Based on Newton’s second law, the correlation between net buoyancy and depth variation can be established.

$$m_{HAUV}·{\displaystyle \frac{d^{2}h}{d{t}^2}}=F_b-F_d$$

(4)

where $m_{HAUV}$ is the total mass of the HAUV (including VBS), ${\displaystyle \frac{d^{2}h}{d{t}^2}}$ is the vertical acceleration (m/s²), h is the depth (m), and $F_d$ is the water flow resistance, $F_d=0.5{\rho }_w{C}_{d}A{v}^2$, where $C_d$ is the drag coefficient, A is the frontal area, and v is the vertical velocity.

This equation directly correlates the buoyancy output of the VBS ($F_b$) with the depth response of the HAUV (h), explaining the physical essence of “low overshoot in depth control” and “small errors under water flow disturbances” mentioned in the paper. Specifically, the dual-loop control offsets the fluctuations of $F_d$ by adjusting $F_b$, ensuring that the depth dynamic response meets expectations. Meanwhile, it also provides a physical reference for the tuning of control parameters (such as PID proportional gain). For instance, when the water flow resistance increases, the proportional gain needs to be increased to enhance the adjustment range of $F_b$.

In this study, the empirical tuning method (trial-and-error method) is adopted to determine the PID gain values.
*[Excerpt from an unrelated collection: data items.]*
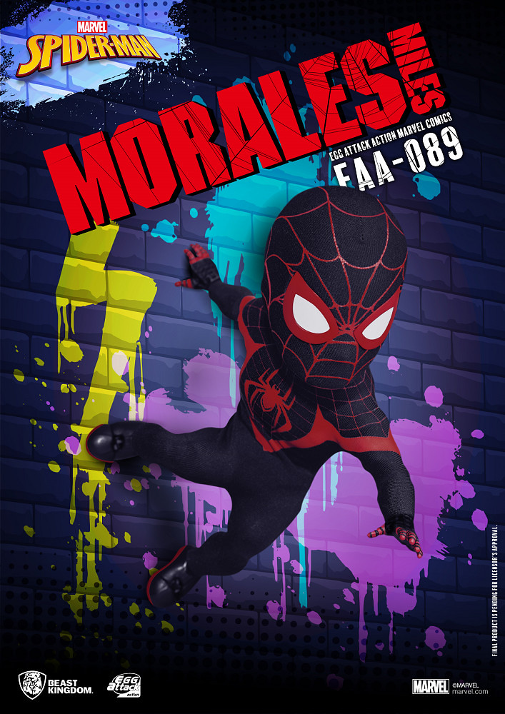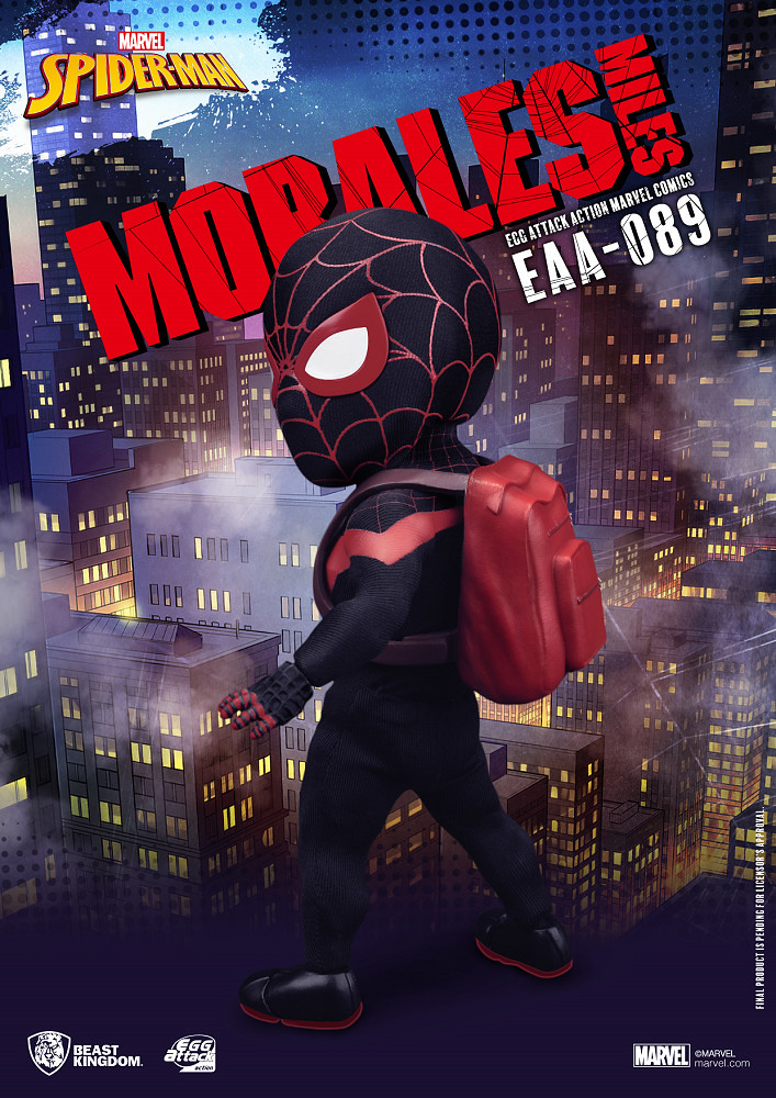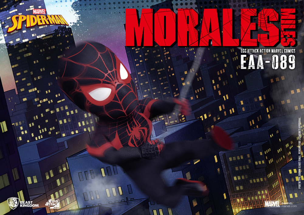 由台灣玩具品牌野獸國(Beast Kingdom)發行,以獨特 Q 版造型、高度可動性為賣點的「Egg Attack Action(EAA)」系列在推出來自《無限之戰》的「鋼鐵蜘蛛」、「鋼鐵蜘蛛豪華版」,《返校日》的「自製戰衣版」,《離家日》的「升級戰衣版」......等多款彼得·帕克的蜘蛛人之後,這次終於輪到另一位大人氣蜘蛛人「邁爾斯·摩拉斯」(Miles Morales)登場!預計將於 2020 年第三季發貨。
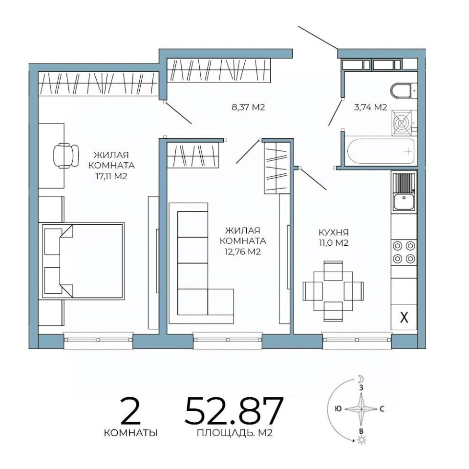 Продаётся 2-комнатная квартира в строящемся доме (дом 6), срок сдачи: IV-кв. 2026, общей площадью 52.87 кв.м., на 5 этаже. Дизайнерская отделка.
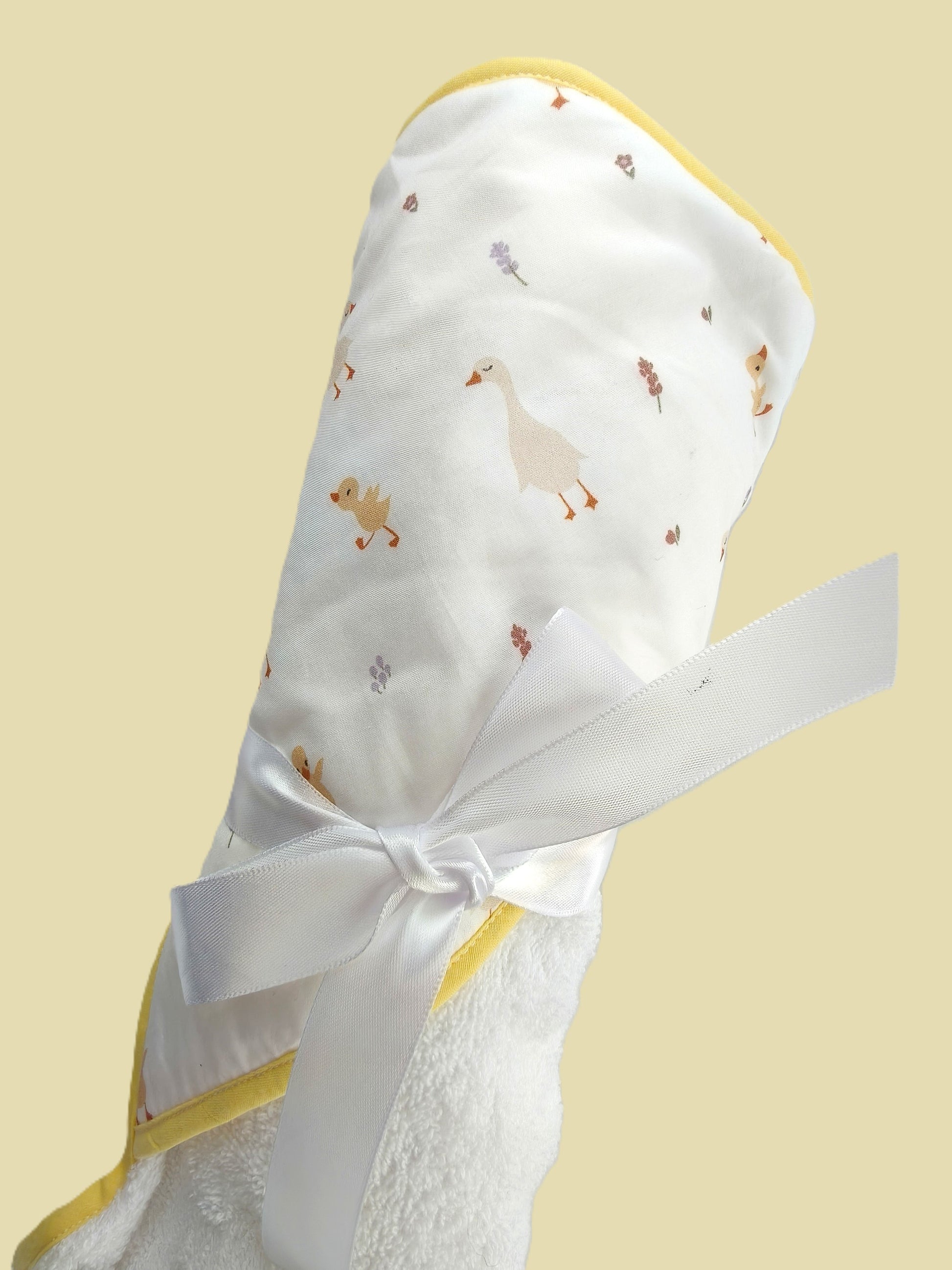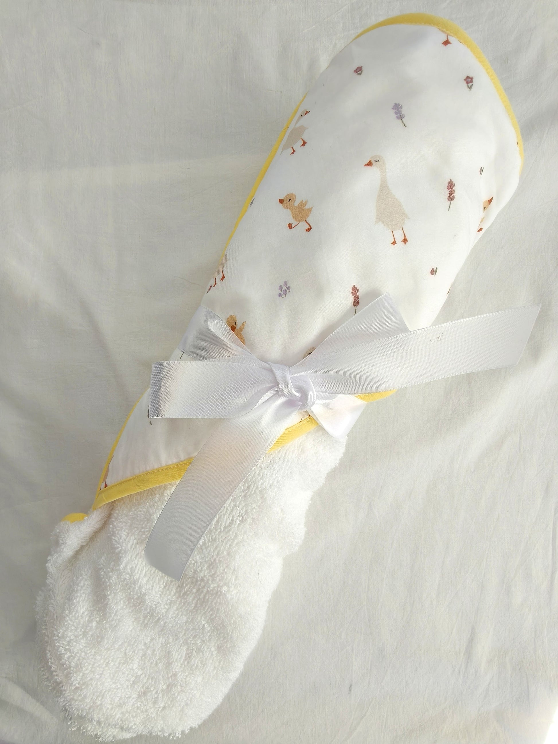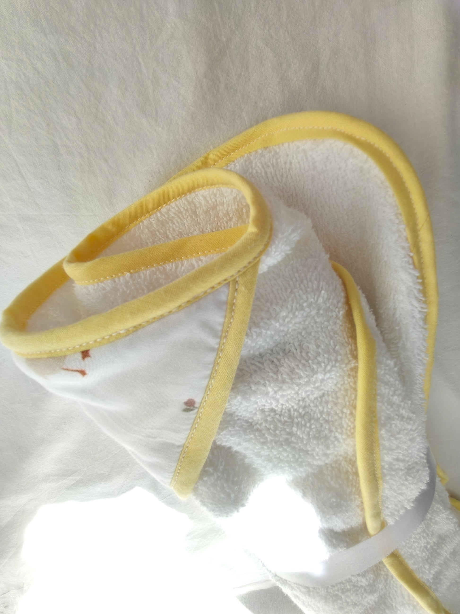 Envolve o teu bebé em conforto e suavidade com esta toalha de banho feita à mão em turco 100% algodão. O tecido é macio, absorvente e delicado na pele sensível dos mais pequeninos, proporcionando uma secagem rápida e aconchegante após o banho.
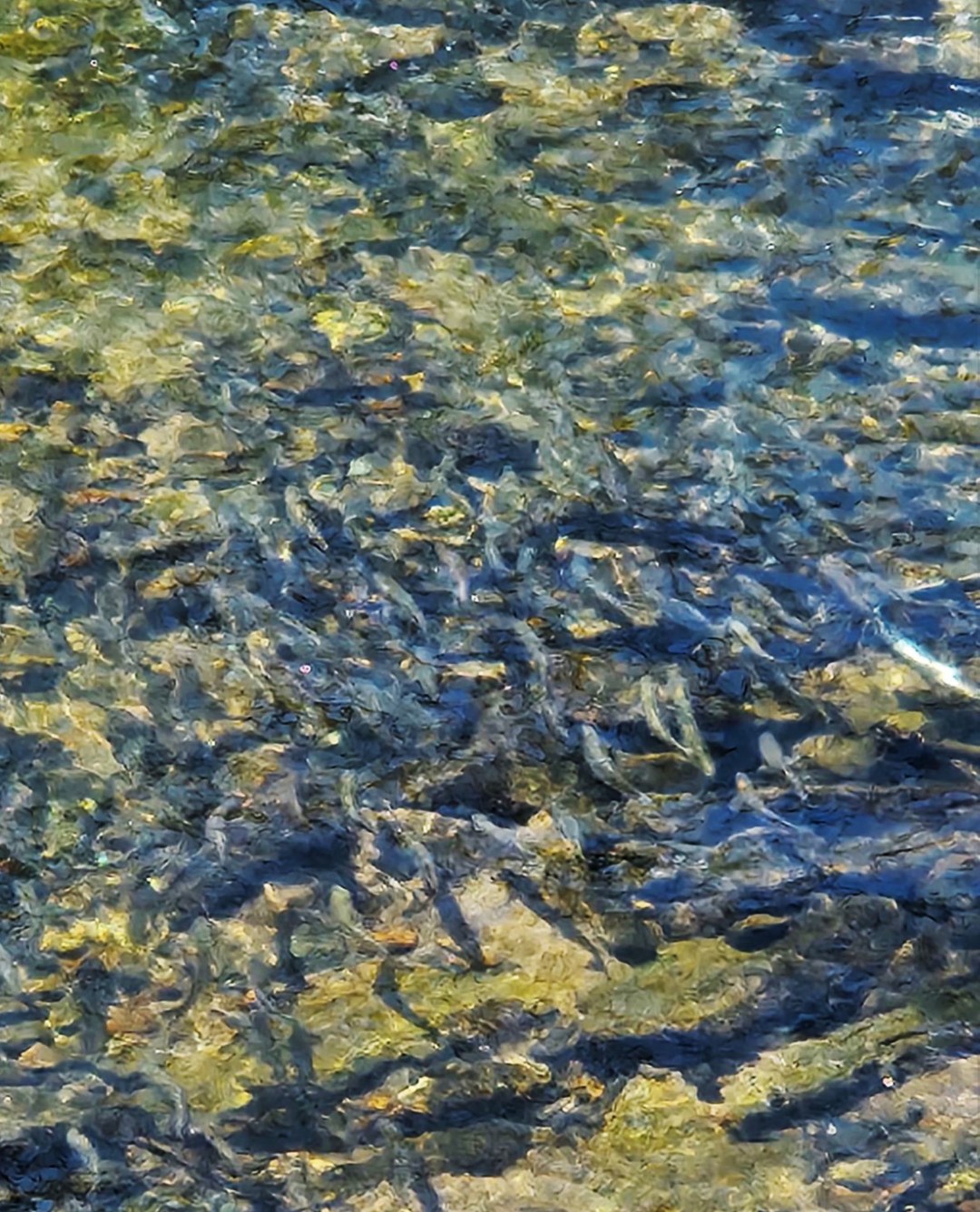 The image with this post might seem a little surreal or abstract; it’s certainly not an example of high-definition nature photography. But it gives a sense of what you see in April, when herring first arrive in a freshwater creek. You detect movement of some kind, but you’re not sure. Your eye has to adjust to seeing the river bottom for the first time in months. Without polarized glasses, it’s difficult to discern what’s happening. But, if you stand still and focus on a spot in the river, soon you see them – and soon a whole school of them might appear.
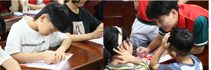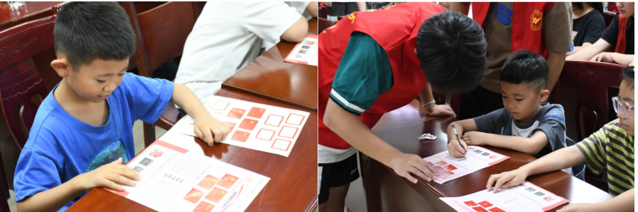 故事连心,情感升华。为了加深孩子们对五面旗帜的理解和情感认同,志愿服务团队还精心准备了一系列与旗帜相关的故事。孩子们在学习单上连线旗帜与其背后的故事,仿佛穿越时空,亲身参与了那些激动人心的历史瞬间。在这个过程中,他们对祖国的热爱之情得到了进一步的升华。
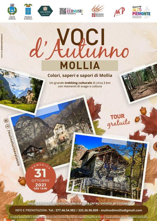 “Voci d’Autunno” è un maxi tour che coniuga il trekking alla cultura in una grande passeggiata tematica tra le frazioni di Mollia, realizzato grazie al sostegno della Provincia di Vercelli.
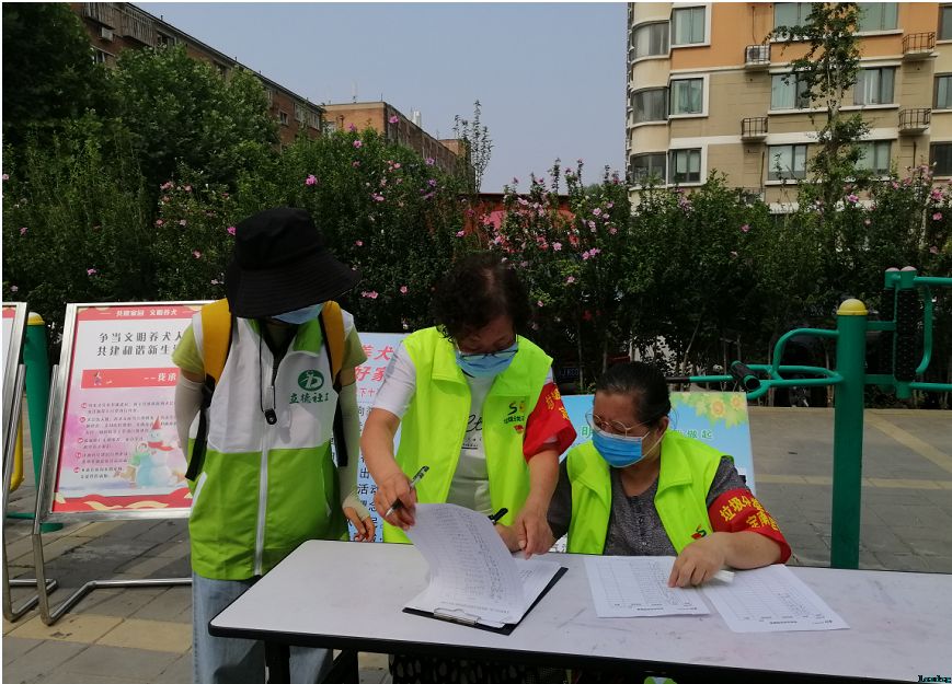 为贯彻落实垃圾分类政策,更好地推进垃圾分类工作,引导居民自觉开展生活垃圾分类,2020年7月16日上午,定南里社区“邻里守望志愿者服务队”队长尹英在定南里社区两委和三间房地区社区社会组织服务平台项目资金的支持下,联合北京奇中运动影视文化传播有限公司,在五建小区开展了“定南里社区家园共建——垃圾分类,我们一起来!”宣传活动。此次活动共招募44名志愿者,吸引了上百人参与互动。
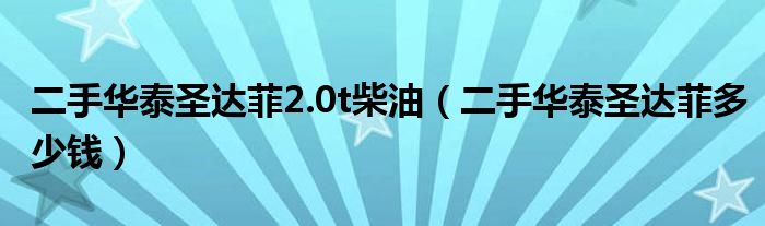大家好,阳阳来为大家讲解下。二手华泰圣达菲2.0t柴油,二手华泰圣达菲多少钱很多人还不知道,现在让我们一起来看看吧!
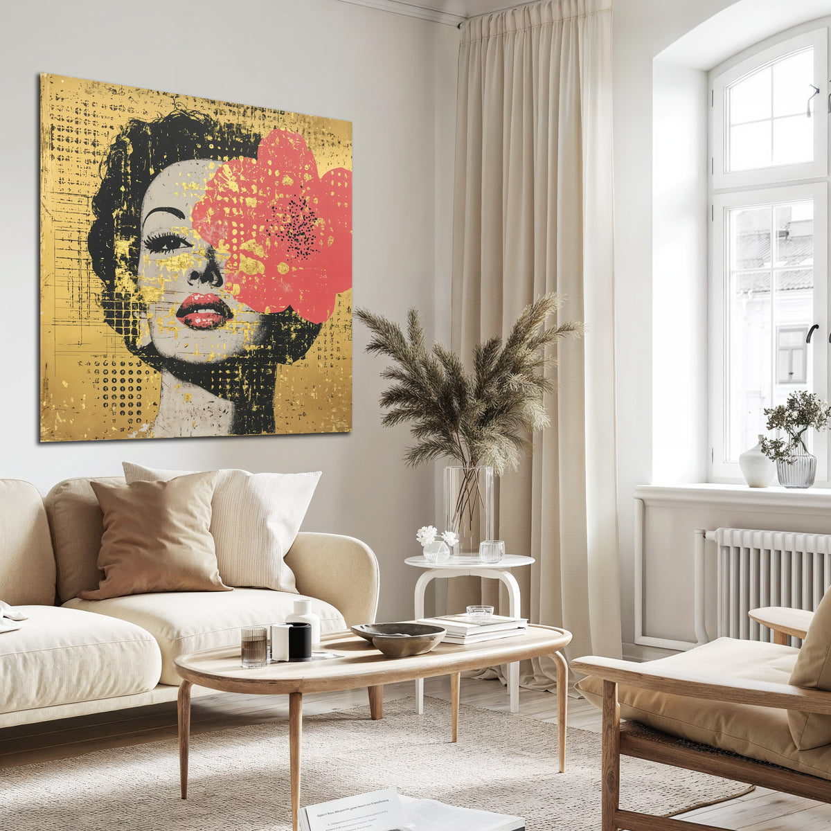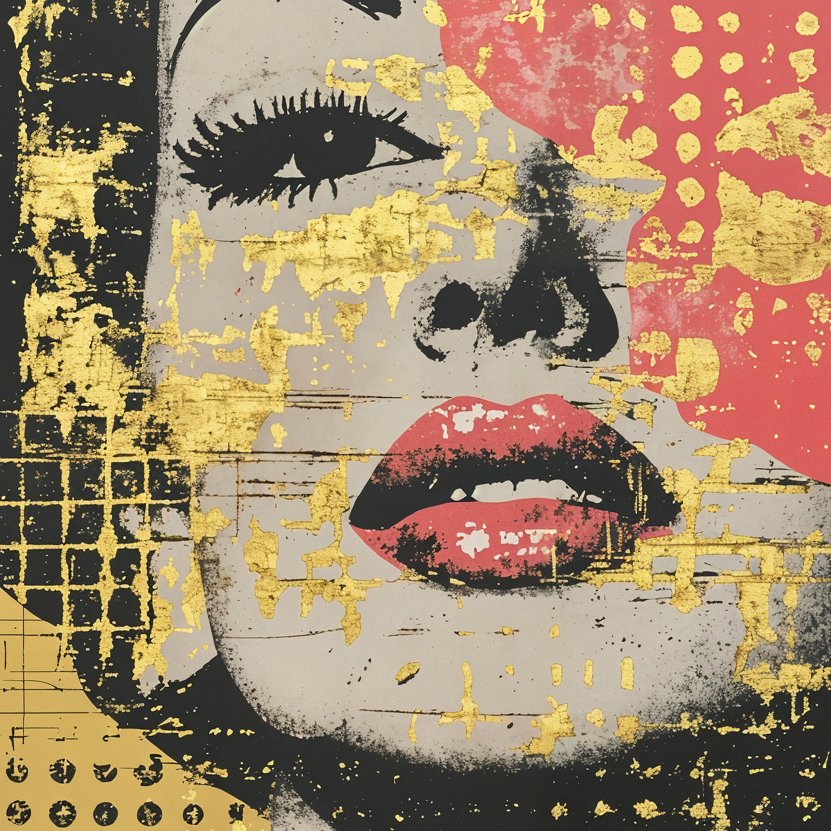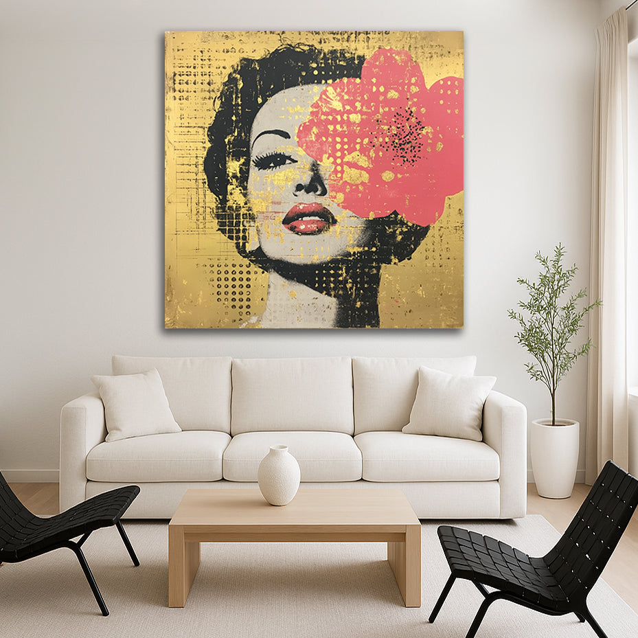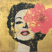 Glamour, Rebellion und Eleganz in einem Bild. Das Gesicht einer geheimnisvollen Diva erscheint vor goldenem Hintergrund – halb verdeckt von einer leuchtenden Lotusblüte in kräftigem Pink. Pop-Art trifft auf asiatische Symbolik und verleiht dem Werk eine faszinierende Mischung aus Stärke und Anmut. Goldene Strukturen, rauer Siebdruck-Charakter und die kühne Farbwahl machen Golden Lotus zu einem modernen Statement-Piece, das Räume mit urbaner Coolness und luxuriöser Ausstrahlung füllt.
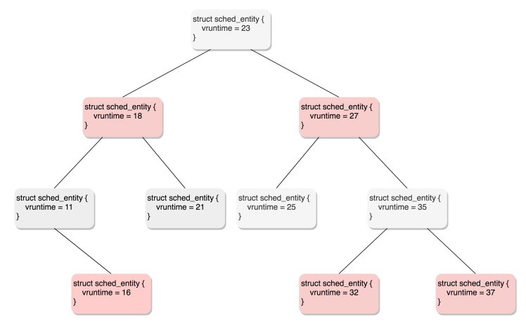 看来CFS需要一个数据结构来对vruntime进行排序,找出最小的那个。这个能够排序的数据结构不但需要查询的时候,能够快速找到最小的,更新的时候也需要能够快速的调整排序,要知道vruntime可是经常在变的,变了再插入这个数据结构,就需要重新排序。能够平衡查询和更新速度的是树,在这里使用的是红黑树。
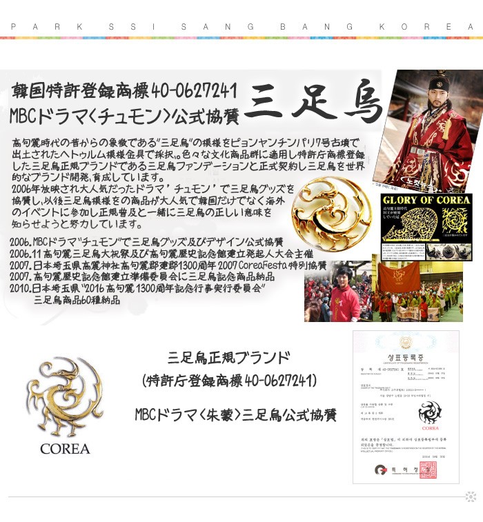 ◆◇◆三足烏(サンソクカラス)◆◇◆ドラマ朱蒙(チュモン)のオープニングに登場する三本足の烏は古代神話に出てくる、太陽の中に住むという鳥でチュモンの象徴となる鳥。中国の古典にある三足烏と呼ばれるもので、日の神=太陽をシンボル化したもの

Firstly, the integral coefficient and derivative coefficient are set to 0, and the proportional coefficient is gradually increased until the system exhibits slight oscillations. Then, the integral coefficient is introduced to eliminate the steady-state error, starting from 0.01 and increasing gradually until the depth deviation stabilizes within ±0.05 m. Finally, the derivative coefficient is added to suppress overshoot, and the optimal dynamic response of the system is achieved by testing different values.

The dual-loop PID control adopted in this paper is characterized by a simple structure and mature parameter tuning. The outer loop achieves steady-state accuracy control through depth feedback, and the inner loop suppresses the dynamic lag of the air pump based on flow feedback. The synergistic effect of the two loops has achieved centimeter-level depth control accuracy in experiments, fully meeting the accuracy requirements of shallow water operations. At the same time, its low computational complexity can be adapted to low-cost embedded hardware, avoiding additional computing power costs. In addition, there is no risk of chattering, which can effectively reduce equipment energy consumption and wear. It is highly consistent with the lightweight, low-cost, and long-endurance design goals of HAUV, making it the optimal choice in the current application scenario.

3.4. Control Strategy and Task of Buoyancy System

The control program of the buoyancy adjustment system performs three core tasks: comparison between the target depth command and the current depth, calculation of the piston displacement, and realization of piston position control according to the command. The controller of the system first receives the target depth command that needs to be reached, compares it with the current depth to determine whether it is necessary to output buoyancy immediately, and then realizes the buoyancy adjustment function based on the results output by the control system [35]. The specific adjustment steps are as follows:

1.

When the HAUV does not need to adjust the buoyancy, the controller will cut off the power supply of the external sensors and enter the energy-saving mode. If it is necessary to change the water depth by adjusting the buoyancy, the control system exits sleep mode to receive the command and executes the buoyancy adjustment accordingly [36]. If no buoyancy adjustment command is received within the specified time, the buoyancy control system will enter the dormant state again.

2.

When it is necessary to increase buoyancy to achieve upward movement, after receiving the buoyancy output command, the control system determines the required displacement variation and drives the electrical control module to increase the buoyancy. When the buoyancy reaches the target value, the buoyancy adjustment process stops.

3.

When it is necessary to reduce buoyancy to achieve diving, after receiving the command to reduce buoyancy, the depth controller determines the required displacement reduction and executes the electrical control command. When the target displacement is reached, the buoyancy adjustment process terminates.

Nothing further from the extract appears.